NATO Official: Governance Tops Tech in Allied AI Intelligence Sharing

3 min readSources: Above the Law

NATO’s Maj. Gen. Paul Lynch stresses governance over capability in allied AI intelligence sharing.

Why it matters: Emerging NATO frameworks could shape military compliance standards for artificial intelligence in defense intelligence, driving policy priorities for multinational geospatial data use. Legal professionals should track these developments as models for future cross-border AI collaboration and accountability.
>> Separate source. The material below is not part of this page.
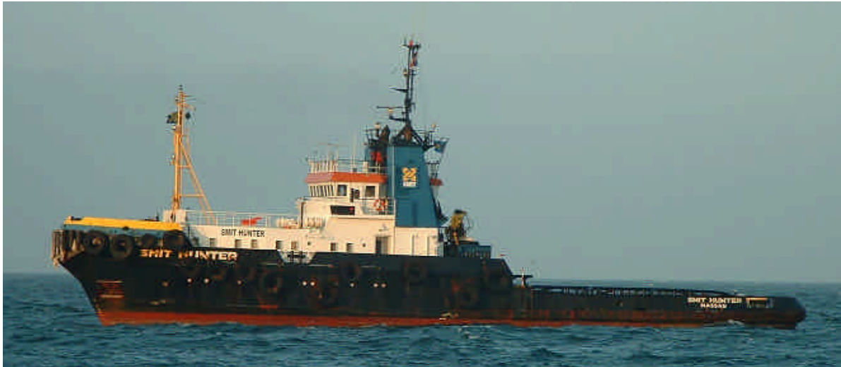
Top : The SMIT HUNTER at the Maaspilot station

  • Lynch says allied AI intelligence advantage depends on governance, not more technical capability.
  • NATO faces risks of conflicting intel due to varied national AI models, highlighting the need for standards.
  • Alliance Data Sharing Ecosystem pilot is underway through the end of 2025 to bolster secure data sharing.
  • NATO adopted its first Data Strategy in February 2025, cementing a foundation for geospatial intelligence initiatives.

NATO’s intelligence chief Maj. Gen. Paul Lynch argues that the alliance’s edge in AI-enabled geospatial intelligence (GEOINT) is rooted in shared governance frameworks—not adding more technical tools. Speaking on allied operations, Lynch said, “The path to AI-enabled, allied intelligence advantage runs primarily through governance, not necessarily through additional capability.”
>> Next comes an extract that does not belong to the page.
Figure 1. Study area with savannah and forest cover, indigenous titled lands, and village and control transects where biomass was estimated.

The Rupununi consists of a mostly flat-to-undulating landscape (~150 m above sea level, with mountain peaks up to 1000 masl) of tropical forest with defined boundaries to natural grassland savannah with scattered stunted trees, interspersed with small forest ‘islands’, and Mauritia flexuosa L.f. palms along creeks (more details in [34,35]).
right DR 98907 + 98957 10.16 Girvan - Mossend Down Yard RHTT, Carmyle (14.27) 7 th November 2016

As NATO integrates AI into intelligence workflows, Lynch highlighted a looming risk: national AI models trained on different data and standards could yield conflicting intelligence. “Which one does the commander use on what basis, with what confidence? And I think that’s the AI interoperability challenge for allied GEOINT, and no single nation is able to solve that alone,” he stated.

To counter this, Lynch urged NATO to establish common training, documentation, and confidence thresholds for member states’ AI systems. He referenced NATO’s track record in harmonizing standards across air defense and maritime awareness, questioning, “whether we apply that same rigor to AI before the technology outpaces the frameworks, or after.” (More on governance focus).

In parallel, NATO has started rolling out the Alliance Data Sharing Ecosystem (ADSE), currently in a pilot phase until late 2025. This initiative is designed to improve secure data sharing and enable more informed, timely intelligence decisions among NATO's 32 members (Details on ADSE).

The alliance’s first Data Strategy, agreed in February 2025, lays down a long-term policy foundation for data-driven defense, seeking to overcome legal, security, and operational gaps impeding coordinated AI use (NATO Data Strategy details).

By the numbers:

  • 32 — NATO member nations involved in data and AI intelligence sharing
  • 2025 — Year NATO Allies approved the first formal Data Strategy
  • End of 2025 — Target end date for the ADSE pilot phase

What's next: NATO’s ADSE pilot will continue through the end of 2025, with further AI standards development expected within three years.